Episodes
Saturday Dec 08, 2018
Chapter 5 – "Investing"
Saturday Dec 08, 2018
Saturday Dec 08, 2018
In this episode, podcast host and author of “Control Your Retirement Destiny” covers Chapter 5 of the 2nd edition of the book titled, “Investing.”
If you want to learn even more than what there is time to cover in the podcast series, you can find the book “Control Your Retirement Destiny” on Amazon.
Or, if you are looking for a customized plan for your retirement, visit us at sensiblemoney.com to see how we can help.

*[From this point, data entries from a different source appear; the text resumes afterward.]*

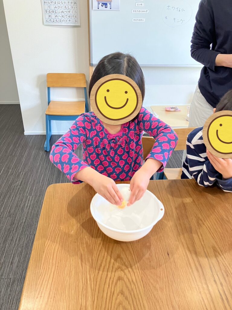 「卵割れるよ!」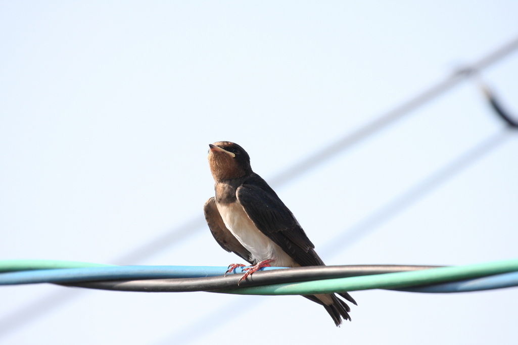 親を一生懸命待っています。つぶらな瞳が可愛い。まだまだ飛ぶのもおぼつかなくて、思う場所に飛べない様子で、電線に止まる時も「おっとっとっ」って感じです。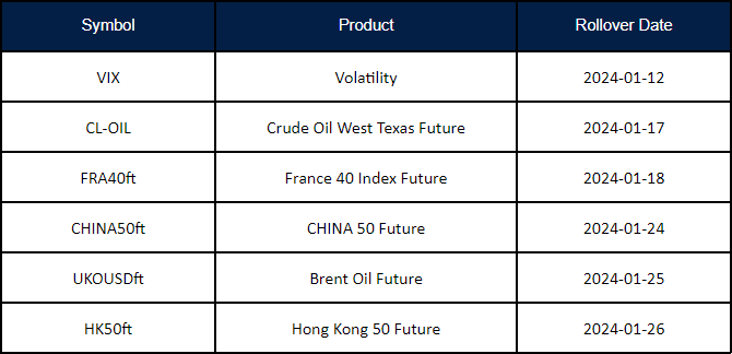 • Positions that are open on the expiration date will be adjusted via a rollover charge or credit to reflect the price difference between the expiring and new contracts.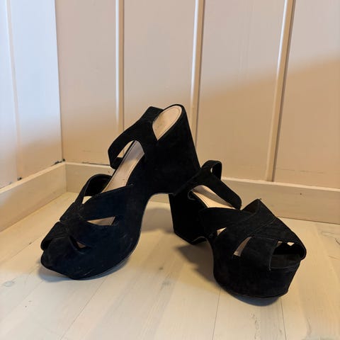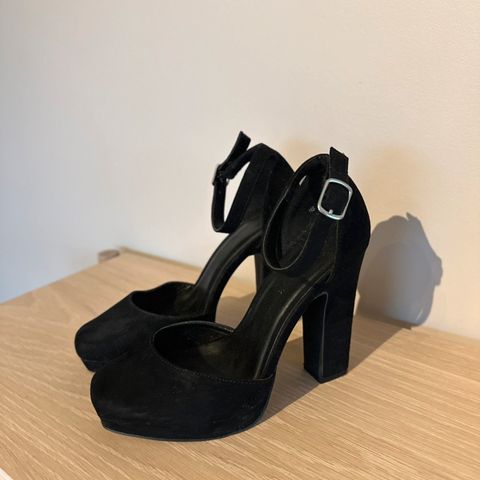 Smukke og festlige hæler i svart semsket skinn str 41. Kjøpt i København fra stilige Gardenia Copenhagen, men selges da de brukes for lite. Er flotte både sommer og vinter.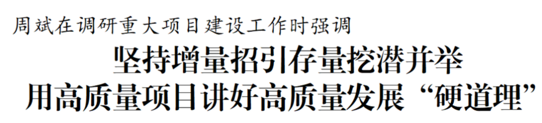 周斌在調(diào)研中強(qiáng)調(diào),重大項(xiàng)目是經(jīng)濟(jì)社會高質(zhì)量發(fā)展的“加速器”和“壓艙石”。今年各項(xiàng)工作已經(jīng)進(jìn)入下半場,各地各部門要增強(qiáng)時(shí)不我待的緊迫感,堅(jiān)持一切圍著項(xiàng)目轉(zhuǎn)、一切盯著項(xiàng)目干,推動重大項(xiàng)目建設(shè)跑出“加速度”,用高質(zhì)量項(xiàng)目講好高質(zhì)量發(fā)展“硬道理”。要堅(jiān)持增量招引和存量挖潛并舉,既注重招引新項(xiàng)目、好項(xiàng)目,又鼓勵引導(dǎo)現(xiàn)有企業(yè)開展“智改數(shù)轉(zhuǎn)網(wǎng)聯(lián)”、技改擴(kuò)能項(xiàng)目投資。要積極推動制造業(yè)數(shù)字化轉(zhuǎn)型,促進(jìn)專精特新企業(yè)蓬勃發(fā)展,培育壯大智能產(chǎn)業(yè),加快構(gòu)建現(xiàn)代化產(chǎn)業(yè)體系,為推進(jìn)中國式現(xiàn)代化鹽城新實(shí)踐提供堅(jiān)實(shí)支撐。

Chapter 5 – Podcast Script
Hi, this is Dana Anspach. I’m the founder and CEO of Sensible Money, a fee-only financial planning firm. I’m also the author of "Control Your Retirement Destiny," a book that covers all the decisions you need to make as you plan for a transition into retirement.
The book has outstanding 5-stars reviews on Amazon. If you like what you hear today, go to Amazon and search for "Control Your Retirement Destiny." Or, if you are looking for a customized plan, visit sensiblemoney.com to see how we can help.
In this podcast, I’ll be covering the material in Chapter 5 on investing. We’ll continue the case study of Wally and Sally, and look at how the plan we created for them in Chapters 2 through 4 becomes the blueprint for how they should invest.
Let’s get started.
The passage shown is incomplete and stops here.